L’économie ukrainienne, en difficulté avant les manifestations de Maidan, a réagi de manière erratique à l’évolution de la situation du pouvoir, la hryvnya tombant à son plus bas niveau historique. Standard de l’agence de crédit &Poor’s a abaissé la note de la dette du pays et abaissé ses perspectives financières, alors que le Fonds monétaire international (FMI) cherchait à rétablir le calme.
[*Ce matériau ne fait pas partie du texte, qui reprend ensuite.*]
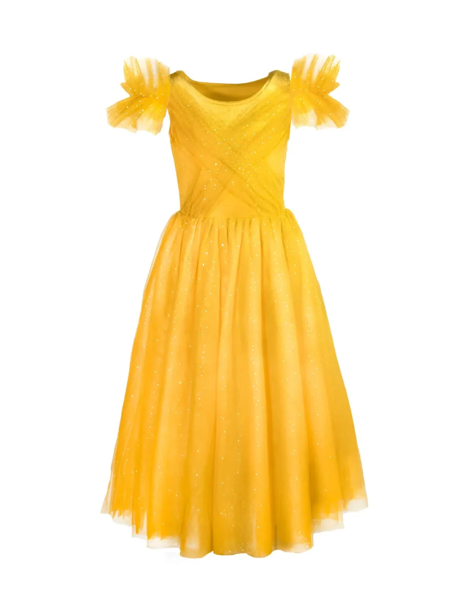 Transformez votre enfant en une belle étoile baignée de soleil avec notre version de rêve de la robe de bal de Belle jaune emblématique.

Le gouvernement ukrainien intérimaire a installé le chef de la Patrie Arseni Iatseniouk au poste de premier ministre et des élections présidentielles anticipées étaient prévues pour mai 2014. Ianoukovitch a refait surface le 28 février à Rostov-sur-le-Don, en Russie, et il a prononcé un discours provocateur en russe, insistant sur le fait qu’il était toujours le président légitime de l’Ukraine.